The launch cadence remains unmatched in history, with rockets launching nearly every two days. The Falcon-9 alone completed 165 launches last year. Monaghan also noted the company is uniquely positioned to construct a moonbase, a key priority for the US Department of Defense.
"There's only one company that can build, deliver, and supply that," he stated. Major financial institutions like Morgan Stanley and Goldman Sachs agree with this bullish outlook. Morgan Stanley forecasts revenue topping $330 billion by 2030, while Goldman Sachs predicts $470 billion over the same period.
However, concerns persist as SpaceX doubles down on building data centers in space. Some fear the artificial intelligence sector may be a bubble ready to burst. Clark noted that valuations in space companies are highly interpretive given rising resource constraints and compute demand.
Because the AI sector features tight interconnections, weak performance in one area could drag down multiple stocks simultaneously.
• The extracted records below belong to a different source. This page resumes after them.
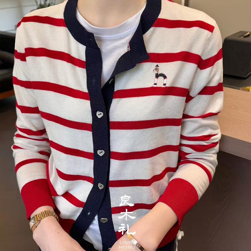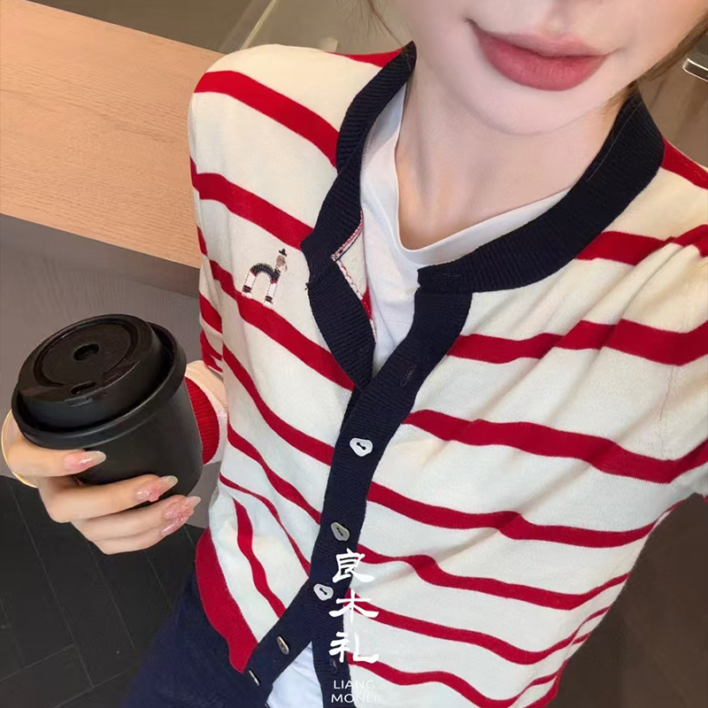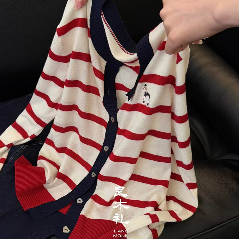 【不换不退】良木礼韩系时尚条纹撞色圆领开衫(1285)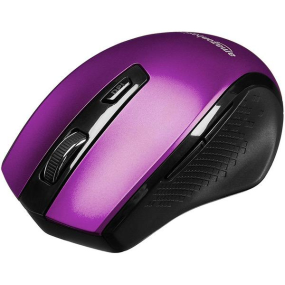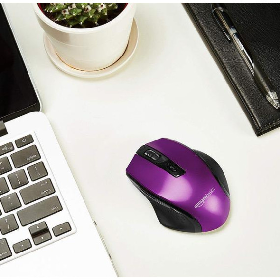 Make sure this fitsby entering your model number. Compact wireless mouse with adjustable DPI for preferred sensitivity (600, 1000, 1600, 2400, or 3600 DPI) Advanced optical sensor; works on most surfaces; clickable metallic scroll wheel; back/forward thumb buttons for easily navigating web pages 2.4 GHz wireless connection with a 33-foot range; uses AES-128 encryption for added security; this mouse uses a small USB receiver that can stay plugged into your computer without obstructing other ports Ergonomic shape with rubberized sides ensures a comfortable hold; compatible with Windows 7, 8, and 10; uses 1 AA battery (included); pretty Purple color Measures 4.1 by 2.9 by 1.5 inches; backed by an AmazonBasics 1-year limited warranty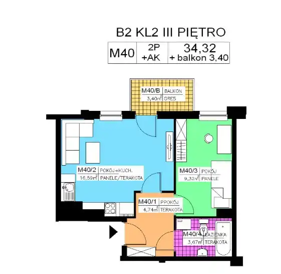 - Charakterystyka mieszkania 34.32 m2, 2 pokoje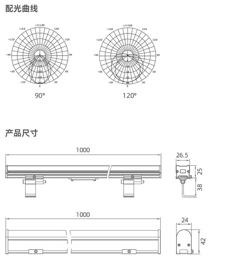 ●燈體采用高導(dǎo)熱鋁擠型材,端蓋采用壓鑄鋁,4mm厚高透光率鋼化玻璃,二次光學(xué)PMMA透境;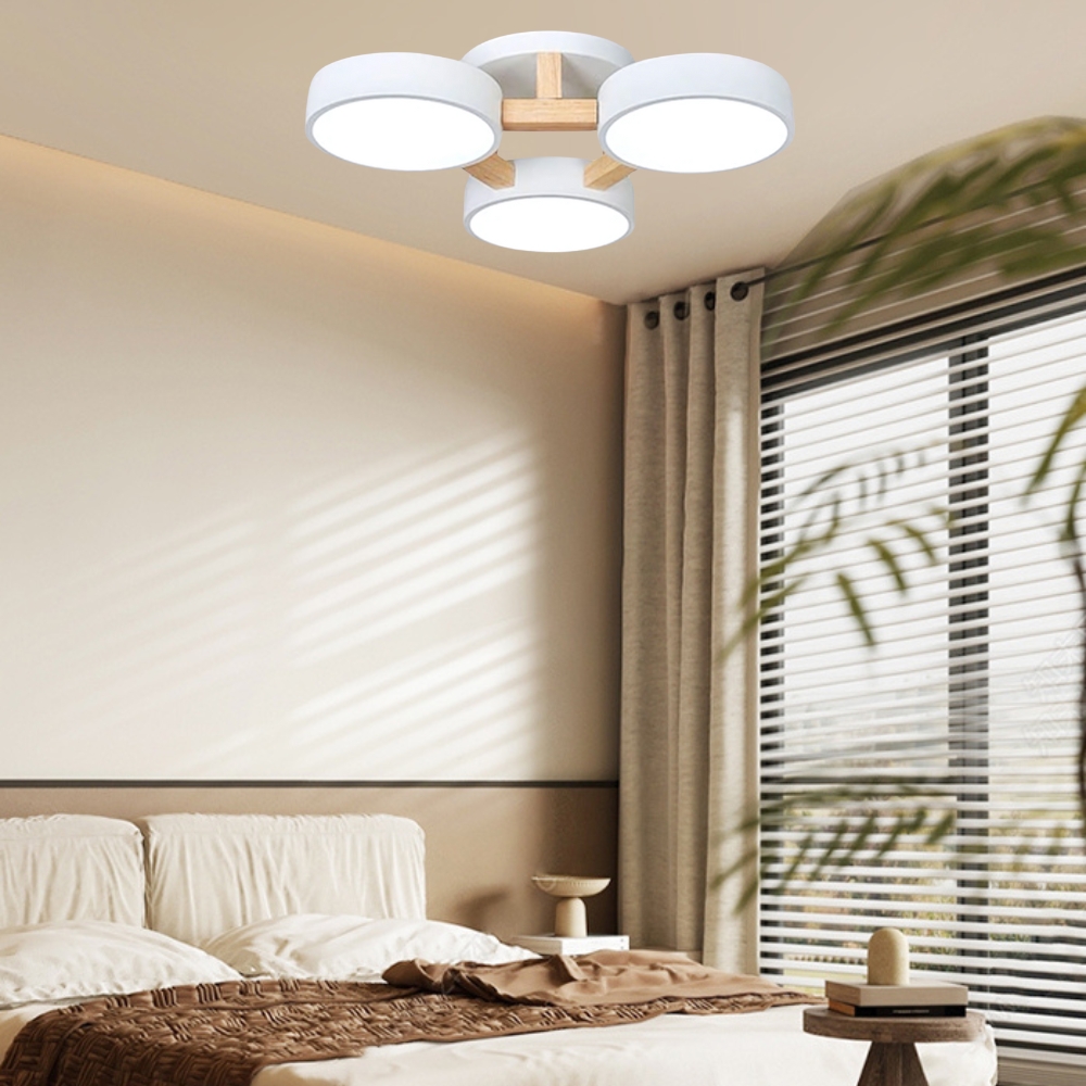 品名 馬卡龍/原木+白罩(LED 45W 三色光)3燈半吸頂燈 材質 金屬烤漆、壓克力燈罩 尺寸 長寬 50 cm * 高 10 cm 光源 內附LED45W 三色光源(白光/黃光/自然光) 適用 約3-4坪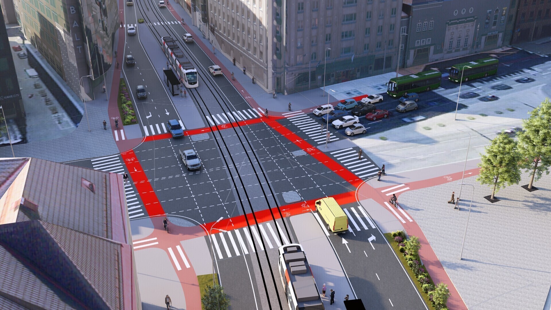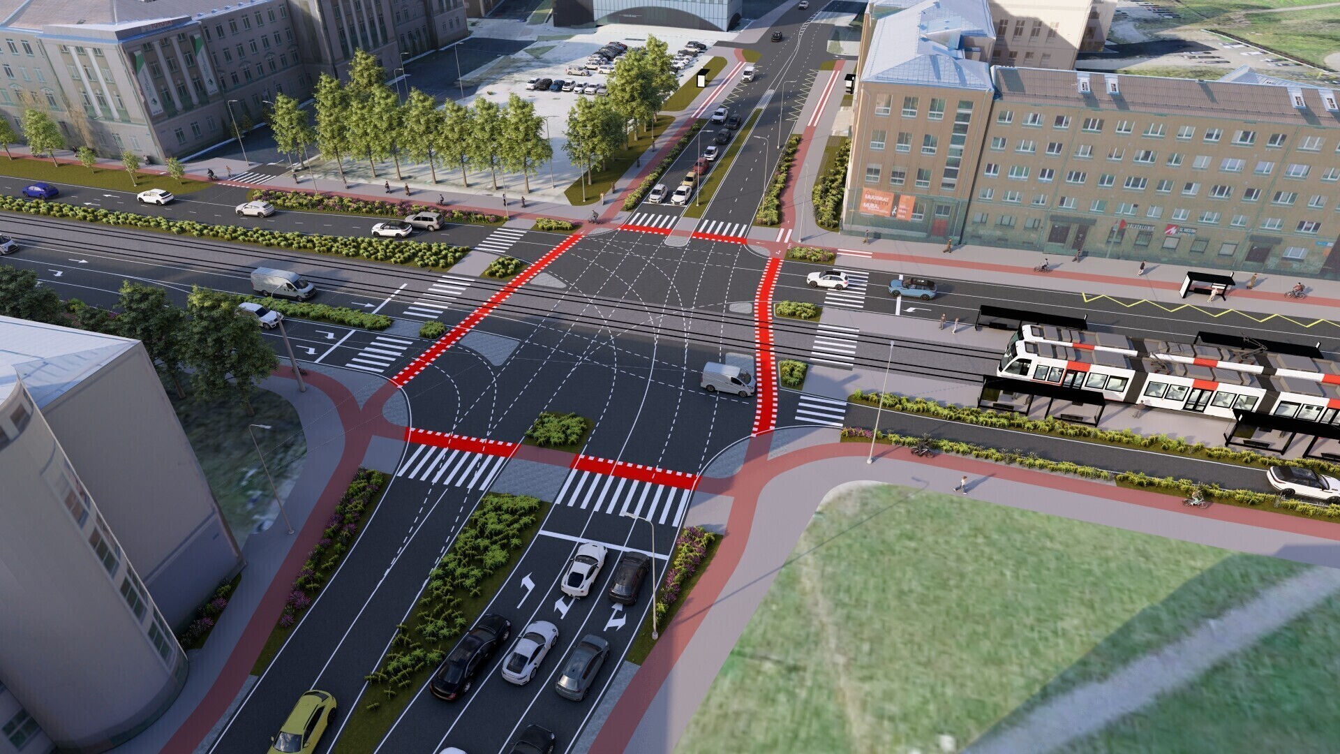 Также планируется создать выделенные коридоры и остановки общественного транспорта, где будут останавливаться как автобусы, так и трамваи. Это необходимо для того, чтобы общественный транспорт мог двигаться быстрее и более равномерно.
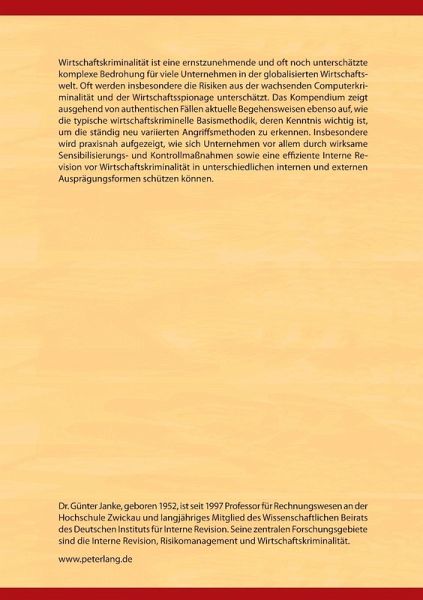 Wirtschaftskriminalität ist eine ernstzunehmende und oft noch unterschätzte komplexe Bedrohung für viele Unternehmen in der globalisierten Wirtschaftswelt. Oft werden insbesondere die Risiken aus der wachsenden Computerkriminalität und der Wirtschaftsspionage unterschätzt. Das Kompendium zeigt ausgehend von authentischen Fällen aktuelle Begehensweisen ebenso auf, wie die typische wirtschaftskriminelle Basismethodik, deren Kenntnis wichtig ist, um die ständig neu variierten Angriffsmethoden zu erkennen. Insbesondere wird praxisnah aufgezeigt, wie sich Unternehmen vor allem durch wirksame Sensibilisierungs- und Kontrollmaßnahmen sowie eine effiziente Interne Revision vor Wirtschaftskriminalität in unterschiedlichen internen und externen Ausprägungsformen schützen können.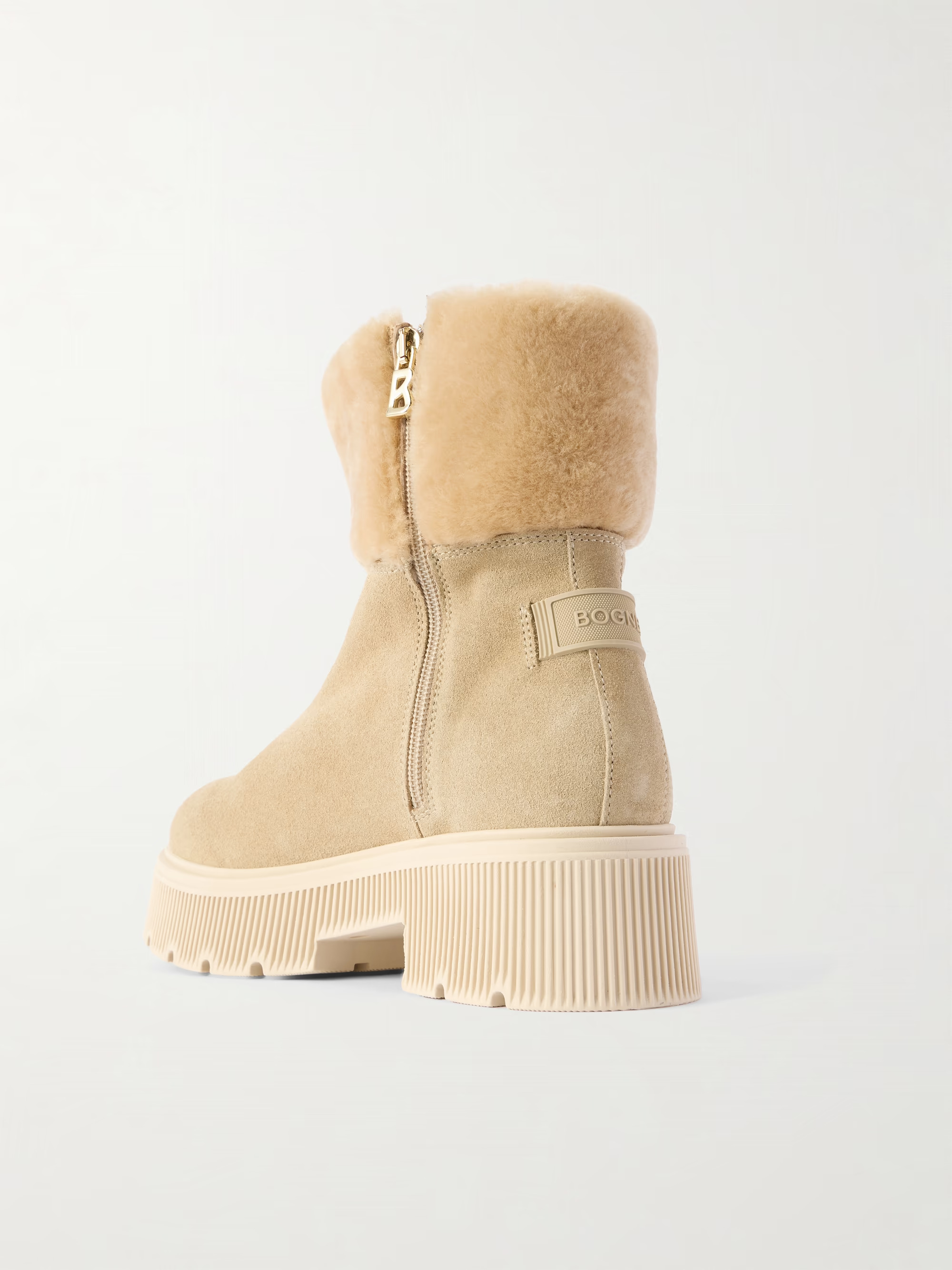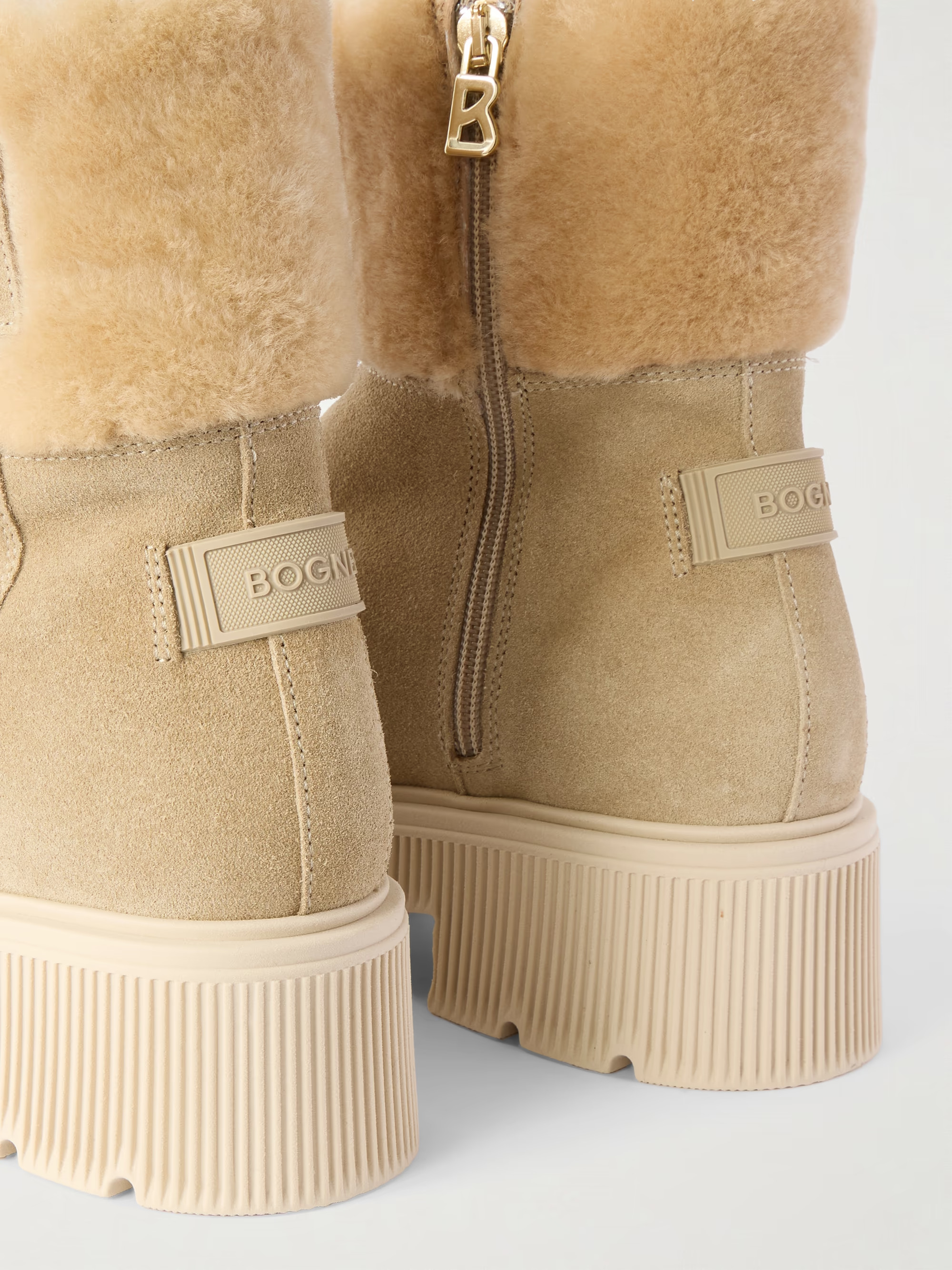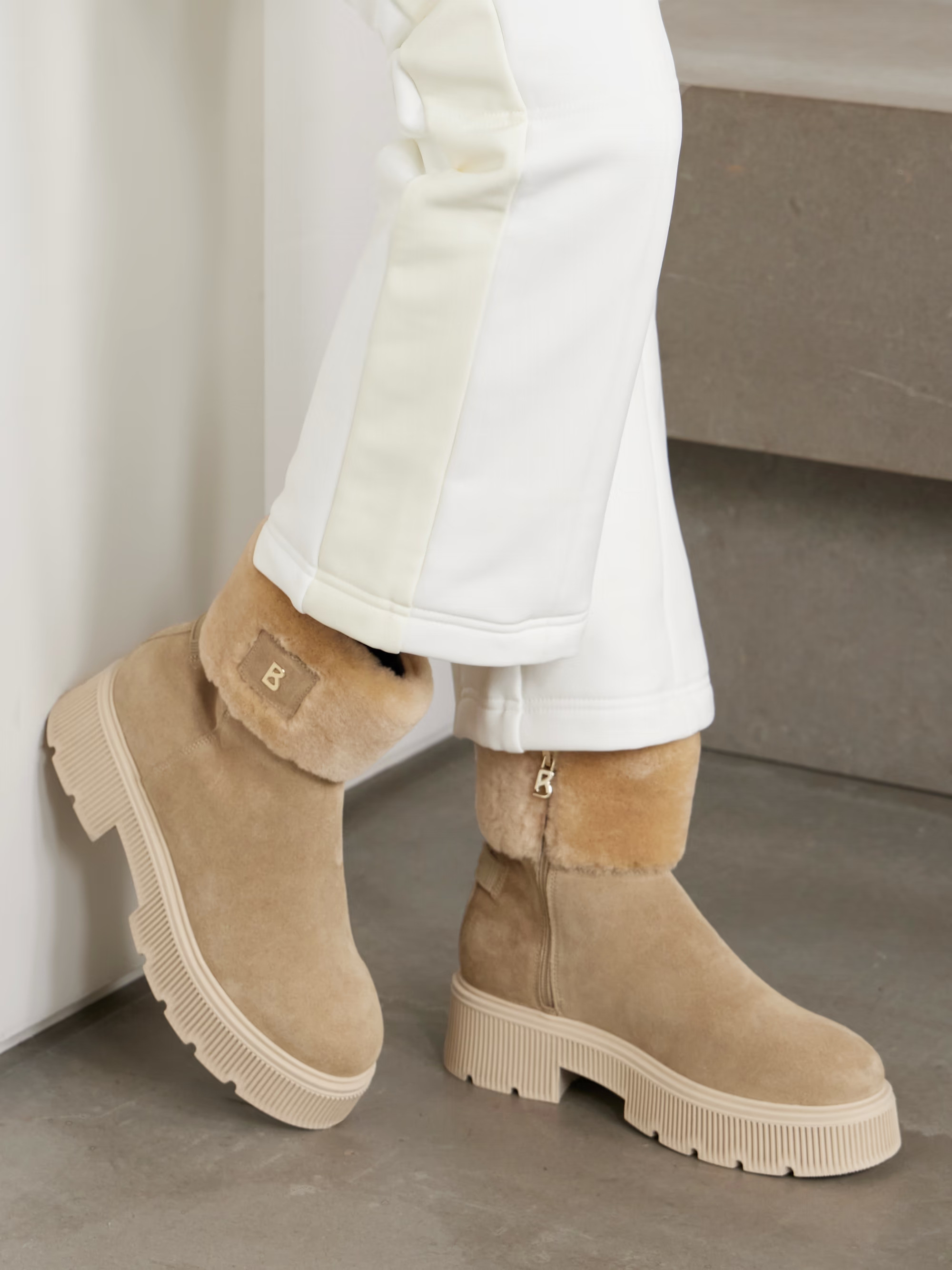 Středně vysoké boty z broušené telecí kůže a ovčí kůže

This ripple effect threatens the broader market amid growing anxiety over an AI bubble.
"If that bubble does burst, that impacts companies down the line," Tomic warned. "Consumers don't have a choice if this is a risk they want to take."
Torsten Slok, Apollo Global Management's chief economist, highlighted a critical difference between the current situation and the 1990s. "The top 10 companies in the S&P 500 today are more overvalued than they were in the 1990s," he said in a note last year.
Key players in this ecosystem include Nvidia, which holds major investments and partnerships with OpenAI, SpaceX, and Anthropic. Microsoft also invested in OpenAI and recently announced a partnership with SpaceX's Starlink.
Currently, the top ten holdings in the S&P 500 represent more than 40 percent of the index's total weight. These are all technology companies except for Berkshire Hathaway Inc. This concentration exists even before SpaceX, OpenAI, or Anthropic officially enter the index.